Ник редко вспоминал своё настоящее имя – Никита. А о происхождении старался не думать. Отец рассказывал о прошлом: руки у нас не в крови. Прапрадед, может, и вор, но не убийца.
Островитяне – отбросы человечества. Остров – фантомные боли Земли. Берег вынужден сжиться с Островом, как человеческий организм сживается с неизлечимым, неизгоняемым вирусом – включает в обмен веществ и глушит симптомы болезни.

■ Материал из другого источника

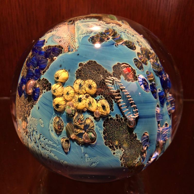 Exceptional piece of glass by Josh Simpson. Excellent condition, 4.25” dia.
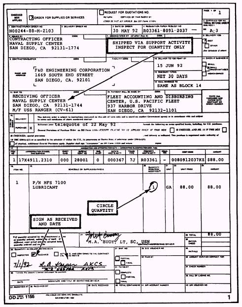 Order for Supplies and Services, DD Form 1155 Receipts from commercial sources on an Order for Supplies and Services, DD Form 1155, are completed by circling the quantity in column 20 and entering the date and signature in block 26 (fig. 3-6). Proper processing of DD Form 1155 receipts requires a familiarity with the terms and concepts discussed in the following paragraphs. Direct delivery. Blocks 13 and 14 of the DD Form 1155 indicate that the material and invoice will be sent directly to the ordering activity. In such cases, the ordering activity is responsible for both a quality and quantity certification, stating that the material was not only received but was also technically acceptable. Receiving personnel are not normally qualified to make these technical judgments, so a technical specialist from the ordering department or unit is contacted to confirm acceptance before the DD Form 1155 has been completed. Figure 3-6 shows receipt for direct delivery on a DD Form 1155. Fast pay procedure. Fast pay is defined as payment made to a commercial source based on proof of shipment by the vendor. This process is limited to items that are considered as not requiring technical certification at the destination. If the fast pay clause (clause 15) is indicated in block 16 of the DD Form 1155, receiving personnel need only receipt for the quantity received in block 26 (fig. 3-6). The quantity in column 20 must be corrected if different from the quantity actually received.

Остров – олицетворение дурной привычки. Первые поселенцы не выбирали свою судьбу, а их дети и внуки смирились. Нет, слово «смирение» здесь неуместно. Именно свыклись. Без мыслей и чувств. Пластмассовая жизнь вошла в них с рождения, как шприц в чаячью грудь.
«Всё живое гниёт и разлагается, – любил повторять отец, – только пластик обладает бессрочным периодом распада». Вечный конфликт между естественным и искусственным разрешился. Чайка умрёт, кости и перья истлеют, последнее гнездо опознают по фальшивой «броши», как захоронения земных королей древности.
Однажды Ник выловил из воды щепку. Пахла далёким деревом, незримым лесом. Густой илистый обволакивающий запах гниения. Высушил и теперь носит её в кармане, по нескольку раз в день вдыхая слабеющий аромат жизни. Старался не вообразить, а воплотить вокруг и внутри себя бодрящий смоляной запах лесопилки. Умирающих под ножом деревьев и возрождающегося в свежей зелени леса. Новеньких столов и стульев, напечатанных на бумаге книг.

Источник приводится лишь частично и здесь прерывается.